Repeat the listing exactly as given, omitting every image.

**Given data**
· · · ·

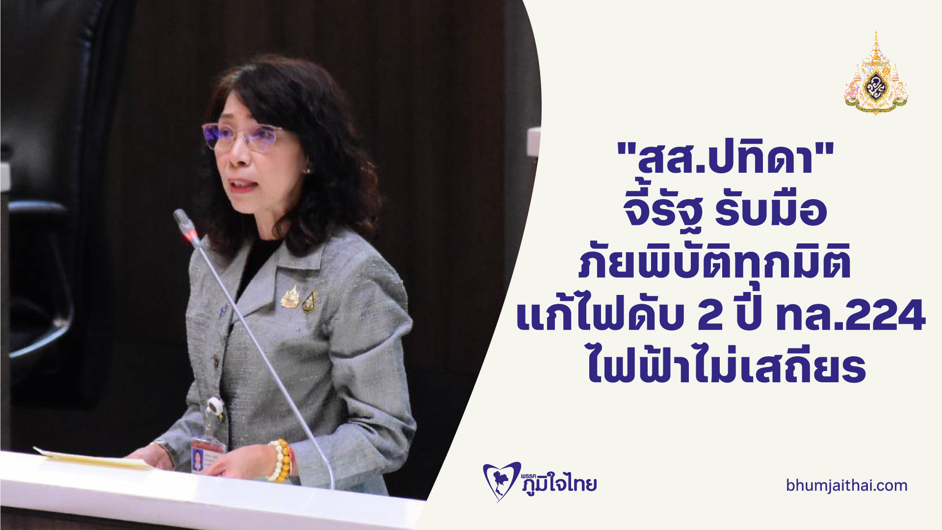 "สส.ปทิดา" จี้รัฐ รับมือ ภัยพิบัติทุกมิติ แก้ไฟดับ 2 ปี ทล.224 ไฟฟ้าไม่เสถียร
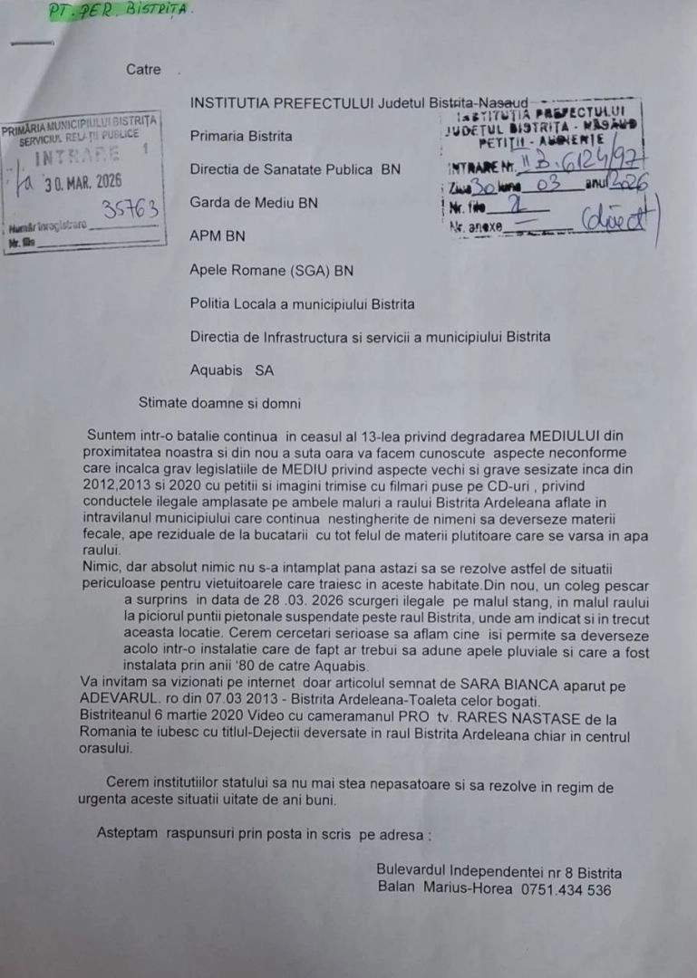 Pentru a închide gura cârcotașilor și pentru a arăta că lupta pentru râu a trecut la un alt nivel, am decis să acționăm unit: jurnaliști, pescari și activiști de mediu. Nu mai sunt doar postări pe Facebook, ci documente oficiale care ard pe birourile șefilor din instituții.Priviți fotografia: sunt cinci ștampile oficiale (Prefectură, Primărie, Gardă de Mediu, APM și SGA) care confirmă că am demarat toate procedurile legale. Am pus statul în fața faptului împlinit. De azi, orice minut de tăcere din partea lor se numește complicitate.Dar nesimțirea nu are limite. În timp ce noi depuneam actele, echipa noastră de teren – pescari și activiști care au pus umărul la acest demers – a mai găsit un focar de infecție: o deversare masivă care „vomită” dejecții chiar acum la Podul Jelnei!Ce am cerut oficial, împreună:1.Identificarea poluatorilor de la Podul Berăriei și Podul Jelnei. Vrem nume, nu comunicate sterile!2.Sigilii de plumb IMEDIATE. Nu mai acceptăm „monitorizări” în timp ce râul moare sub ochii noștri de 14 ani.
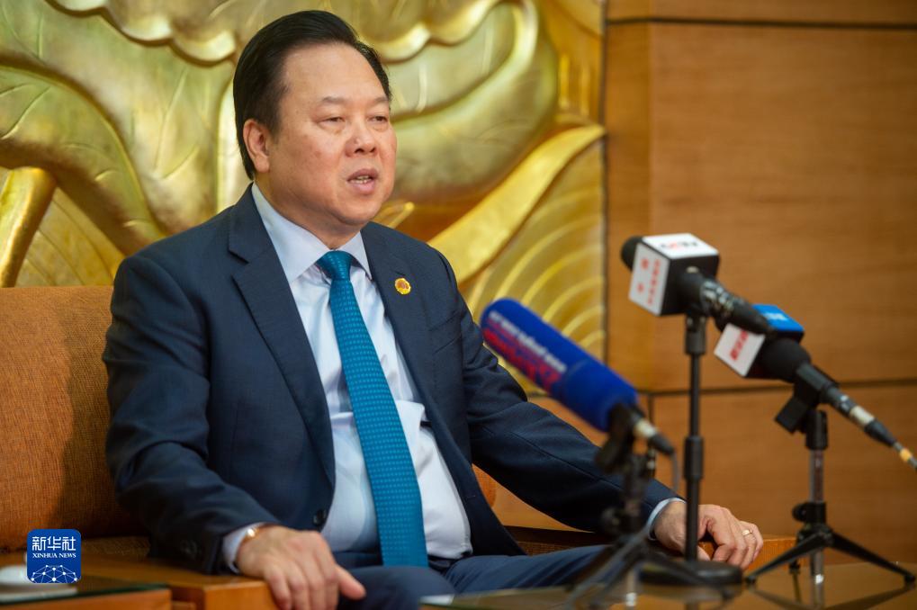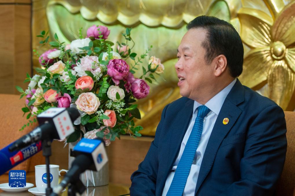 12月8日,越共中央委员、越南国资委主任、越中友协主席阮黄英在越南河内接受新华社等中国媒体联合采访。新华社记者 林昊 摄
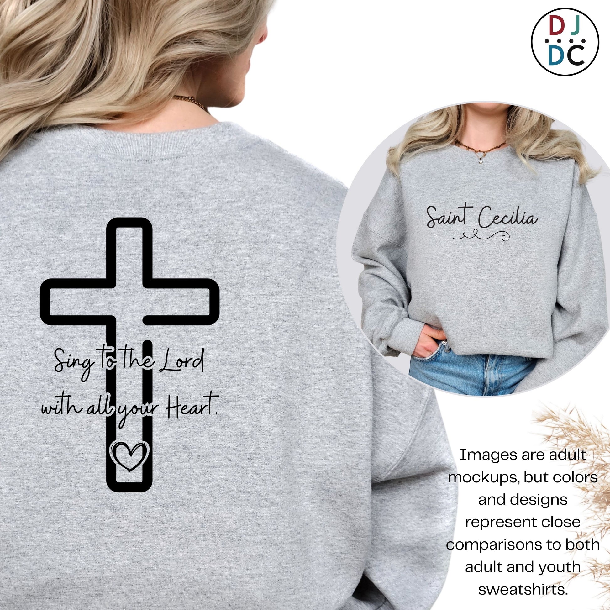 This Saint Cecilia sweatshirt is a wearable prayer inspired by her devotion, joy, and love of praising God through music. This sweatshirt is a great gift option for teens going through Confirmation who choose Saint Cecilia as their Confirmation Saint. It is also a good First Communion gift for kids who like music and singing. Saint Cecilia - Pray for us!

· · · ·

**Task output**
 "สส.ปทิดา" จี้รัฐ รับมือ ภัยพิบัติทุกมิติ แก้ไฟดับ 2 ปี ทล.224 ไฟฟ้าไม่เสถียร
 Pentru a închide gura cârcotașilor și pentru a arăta că lupta pentru râu a trecut la un alt nivel, am decis să acționăm unit: jurnaliști, pescari și activiști de mediu. Nu mai sunt doar postări pe Facebook, ci documente oficiale care ard pe birourile șefilor din instituții.Priviți fotografia: sunt cinci ștampile oficiale (Prefectură, Primărie, Gardă de Mediu, APM și SGA) care confirmă că am demarat toate procedurile legale. Am pus statul în fața faptului împlinit. De azi, orice minut de tăcere din partea lor se numește complicitate.Dar nesimțirea nu are limite. În timp ce noi depuneam actele, echipa noastră de teren – pescari și activiști care au pus umărul la acest demers – a mai găsit un focar de infecție: o deversare masivă care „vomită” dejecții chiar acum la Podul Jelnei!Ce am cerut oficial, împreună:1.Identificarea poluatorilor de la Podul Berăriei și Podul Jelnei. Vrem nume, nu comunicate sterile!2.Sigilii de plumb IMEDIATE. Nu mai acceptăm „monitorizări” în timp ce râul moare sub ochii noștri de 14 ani.
 12月8日,越共中央委员、越南国资委主任、越中友协主席阮黄英在越南河内接受新华社等中国媒体联合采访。新华社记者 林昊 摄
 This Saint Cecilia sweatshirt is a wearable prayer inspired by her devotion, joy, and love of praising God through music. This sweatshirt is a great gift option for teens going through Confirmation who choose Saint Cecilia as their Confirmation Saint. It is also a good First Communion gift for kids who like music and singing. Saint Cecilia - Pray for us!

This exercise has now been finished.